5. New IRA Rollover Limit Starting in 2015
This one’s a tax change for 2015 — it won’t affect your 2014 return, but will affect your savings next year. Starting Jan. 1, 2015 you can only make one rollover from an IRA to another IRA in a 12-month period. A rollover is described as withdrawing the funds from one IRA, holding them for less than 60 days and then depositing them into another IRA account.
Taxpayers can still make as many trustee-to-trustee transfers as they like over the course of a year. (That means you can tell Bank “A” to send your IRA funds to Bank “B” — the money is never actually withdrawn and in your possession.) If you roll over more than one IRA, the withdrawals after the first will be taxed to you at regular rates, plus potentially a 10 percent early withdrawal tax. In addition, the disallowed rollover will be subject to the regular IRA contribution limits. If the rolled over amount exceeds your allowable IRA contribution, it will be treated as an excess contribution and subject to a 6 percent excise tax. The takeaway: Withdraw IRA funds with great care and attention in 2015 and going forward.
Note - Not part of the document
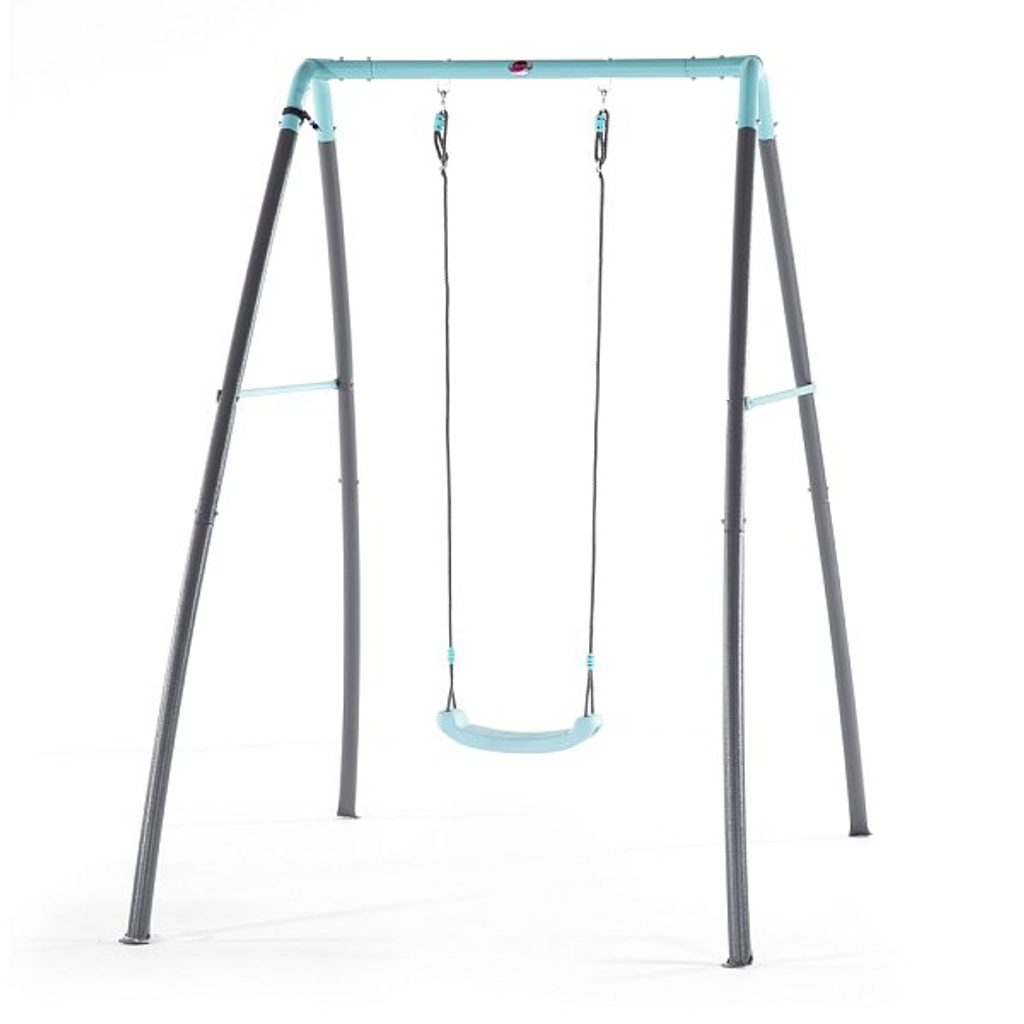 Dětská houpačka s kovovou konstrukcí a tryskou na výrobu mlhy

Tax law changes occur every month, sometimes every day. It could be that Congress makes the changes, the IRS issues big new regulations, revenue procedures or revenue rulings or the tax courts make big changes. Sometimes the U S Supreme Court weighs in. It’s a lot to keep up with, and that’s assuming you don’t have any other business or job.
If you’ve got a business or real estate investments, this is the year you don’t want to try to do it yourself. There are a lot of changes that have the most experienced CPAs caught off guard. If you make a mistake, the penalties can be huge.